> _Your task_:
The whole listing, apart from its images, should be restated word for word.

'''

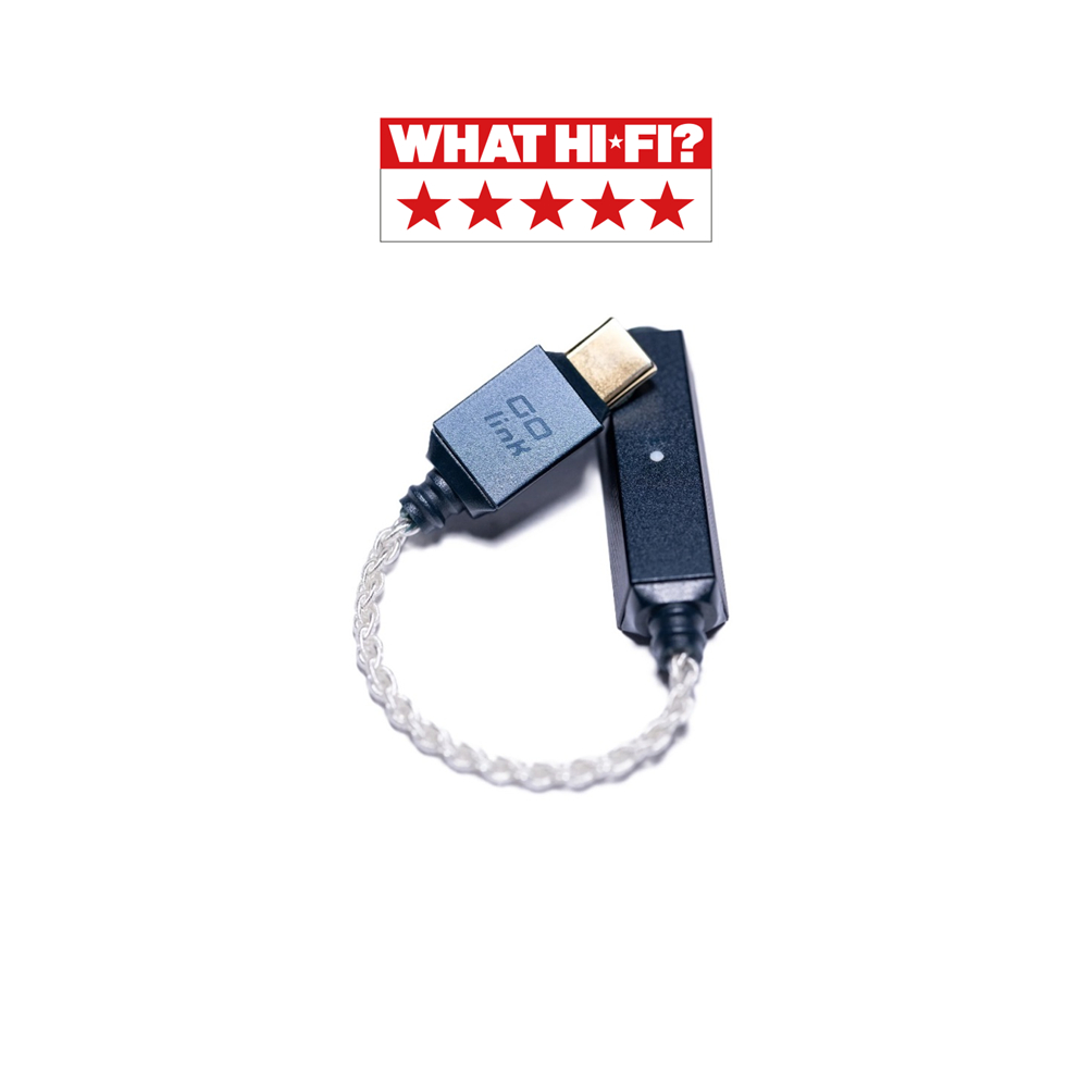 El GO Link 2 cuenta con un conector USB-C en un extremo y en el otro se encuentra el circuito del DAC y del amplificador de auriculares, ambos revestidos en una aleación de magnesio ligera y duradera. Su cable flexible de 6 cm permite un uso práctico, orientando el DAC/amplificador hacia el oyente y minimizando la tensión en el puerto USB conectado.
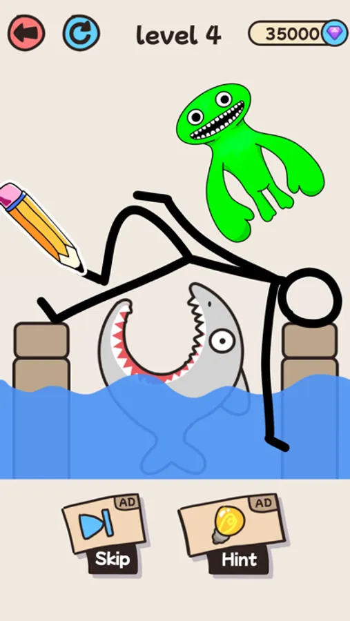 Draw lines to protect the banban monster from being hurt. Different enemies have different ways of attacking, remember to adjust your lines. You can draw interesting patterns to complete the level.
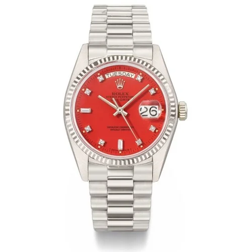 Il Rolex Day-Date 36 rappresenta da oltre cinquant'anni l'orologio di riferimento per chi comprende che la vera eleganza non si proclama, si riconosce. L'18039 Stella Red incarna questa filosofia nella sua forma più pura: una cassa in oro bianco da 36 millimetri, una lunetta liscia, un quadrante in lacca rossa con i caratteristici indici stella—la versione più ambita dai collezionisti che cercano l'autenticità costruttiva senza concessioni al compromesso estetico. Prodotto negli anni Settanta, quando Rolex aveva già consolidato tre decenni di maestria orologiera, questo modello non rappresenta semplicemente un orologio di lusso, ma un documento materiale di come la manifattura svizzera interpretasse la perfezione: proporzioni armoniose, finiture sobrie, una presenza discreta ma inconfondibile al polso.
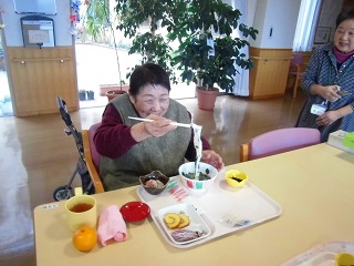 お雑煮をいただきました。 おもち伸びたよと初笑です。
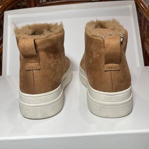 J/slides Nia Womens Waterproof Suede Bootie Size 8M Brown Faux Fur WORN ONCE LIKE NEW
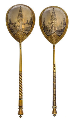 each having a twist handle, the underside of the bowl decorated with a niello scene of the Moscow Kremlin surrounded by a gilt braided border and foliate scroll cartouche.
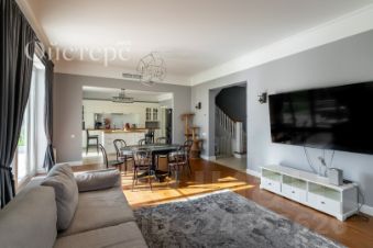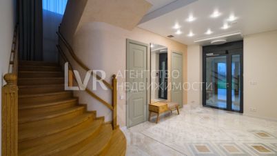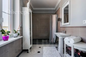 В закрытом коттеджном поселке класса ''люкс'' предлагается к продаже дом в стиле барокко. Участок на первой береговой линии со своим выходом к воде. Клубный статус поселка предполагает однородное социальное окружение и единую архитектурную стилистику домов, круглосуточную охрану и видеонаблюдение. Коттеджный посёлок находится на берегу 2-го Ждановского озера, где жители посёлка смогут приятно провести время с семьей, прогуливаясь или отдыхая на берегу. Для жителей предусмотрена детская и спортивная площадки, гостевая парковка. Реализован проект футбольного и волейбольного полей. Все коммуникации центральные: водоснабжение и водоотведение, электрообеспечение от 10 до 15 кВт на жилой дом, центральное газоснабжение, благоустроенная 2-х полосная асфальтированная дорога внутри коттеджного посёлка с выездом на основную трассу в Санкт-Петербург и Всеволожск. Дом расположился на участке 35 соток и поставлен таким образом, что все самые лучшие виды на лесную чащу, а также водную гладь озера, открываются из спален и с большой террасы, которая расположилась на втором этаже, ее размеры достигают 70 кв. м, что позволяет организовывать там полноценный летний отдых. На первом этаже дома расположены: кухня-столовая с панорамными окнами, гостиная, одна спальня со своим гардеробом и два санузла. На втором этаже дома: три спальни, два санузла, гардероб и балкон с выходом на него из двух комнат. В данный момент в доме ведутся активные работы по выполнению косметического ремонта, которые будут закончены уже к концу этого года. Готовый для проживания дом с дизайнерским ремонтом и прекрасным видом в безопасном, закрытом, клубном поселке.Коттеджный посёлок находится в 10 км от КАД и в 3 км от центра Всеволожска. В 5 минутах от поселка находится супармаркет ''Лента'', шиномонтаж и мойка. Всего пять минут от поселка до железнодорожной станции Мельничный ручей, 1 км от школы и садика.
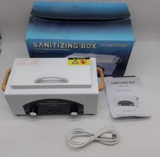 Sin estrenar. Caja esterilizadora de alta temperatura. Recomendado para desinfectar y esterilizar el instrumental de una esteticién o de rama sanitaria (médico, podólogo, enfermero, dentista...). El esterilizador de aire caliente está diseñado para esterilizar instrumentos de acero inoxidable como alicates, pinzas, tijeras, empujacutículas, etc. El procedimiento se basa en la aplicación de altas temperaturas, lo que permite eliminar al 100% los posibles agentes patógenos del instrumental.

'''

> _Task response_:
 El GO Link 2 cuenta con un conector USB-C en un extremo y en el otro se encuentra el circuito del DAC y del amplificador de auriculares, ambos revestidos en una aleación de magnesio ligera y duradera. Su cable flexible de 6 cm permite un uso práctico, orientando el DAC/amplificador hacia el oyente y minimizando la tensión en el puerto USB conectado.
 Draw lines to protect the banban monster from being hurt. Different enemies have different ways of attacking, remember to adjust your lines. You can draw interesting patterns to complete the level.
 Il Rolex Day-Date 36 rappresenta da oltre cinquant'anni l'orologio di riferimento per chi comprende che la vera eleganza non si proclama, si riconosce. L'18039 Stella Red incarna questa filosofia nella sua forma più pura: una cassa in oro bianco da 36 millimetri, una lunetta liscia, un quadrante in lacca rossa con i caratteristici indici stella—la versione più ambita dai collezionisti che cercano l'autenticità costruttiva senza concessioni al compromesso estetico. Prodotto negli anni Settanta, quando Rolex aveva già consolidato tre decenni di maestria orologiera, questo modello non rappresenta semplicemente un orologio di lusso, ma un documento materiale di come la manifattura svizzera interpretasse la perfezione: proporzioni armoniose, finiture sobrie, una presenza discreta ma inconfondibile al polso.
 お雑煮をいただきました。 おもち伸びたよと初笑です。
 J/slides Nia Womens Waterproof Suede Bootie Size 8M Brown Faux Fur WORN ONCE LIKE NEW
 each having a twist handle, the underside of the bowl decorated with a niello scene of the Moscow Kremlin surrounded by a gilt braided border and foliate scroll cartouche.
 В закрытом коттеджном поселке класса ''люкс'' предлагается к продаже дом в стиле барокко. Участок на первой береговой линии со своим выходом к воде. Клубный статус поселка предполагает однородное социальное окружение и единую архитектурную стилистику домов, круглосуточную охрану и видеонаблюдение. Коттеджный посёлок находится на берегу 2-го Ждановского озера, где жители посёлка смогут приятно провести время с семьей, прогуливаясь или отдыхая на берегу. Для жителей предусмотрена детская и спортивная площадки, гостевая парковка. Реализован проект футбольного и волейбольного полей. Все коммуникации центральные: водоснабжение и водоотведение, электрообеспечение от 10 до 15 кВт на жилой дом, центральное газоснабжение, благоустроенная 2-х полосная асфальтированная дорога внутри коттеджного посёлка с выездом на основную трассу в Санкт-Петербург и Всеволожск. Дом расположился на участке 35 соток и поставлен таким образом, что все самые лучшие виды на лесную чащу, а также водную гладь озера, открываются из спален и с большой террасы, которая расположилась на втором этаже, ее размеры достигают 70 кв. м, что позволяет организовывать там полноценный летний отдых. На первом этаже дома расположены: кухня-столовая с панорамными окнами, гостиная, одна спальня со своим гардеробом и два санузла. На втором этаже дома: три спальни, два санузла, гардероб и балкон с выходом на него из двух комнат. В данный момент в доме ведутся активные работы по выполнению косметического ремонта, которые будут закончены уже к концу этого года. Готовый для проживания дом с дизайнерским ремонтом и прекрасным видом в безопасном, закрытом, клубном поселке.Коттеджный посёлок находится в 10 км от КАД и в 3 км от центра Всеволожска. В 5 минутах от поселка находится супармаркет ''Лента'', шиномонтаж и мойка. Всего пять минут от поселка до железнодорожной станции Мельничный ручей, 1 км от школы и садика.
 Sin estrenar. Caja esterilizadora de alta temperatura. Recomendado para desinfectar y esterilizar el instrumental de una esteticién o de rama sanitaria (médico, podólogo, enfermero, dentista...). El esterilizador de aire caliente está diseñado para esterilizar instrumentos de acero inoxidable como alicates, pinzas, tijeras, empujacutículas, etc. El procedimiento se basa en la aplicación de altas temperaturas, lo que permite eliminar al 100% los posibles agentes patógenos del instrumental.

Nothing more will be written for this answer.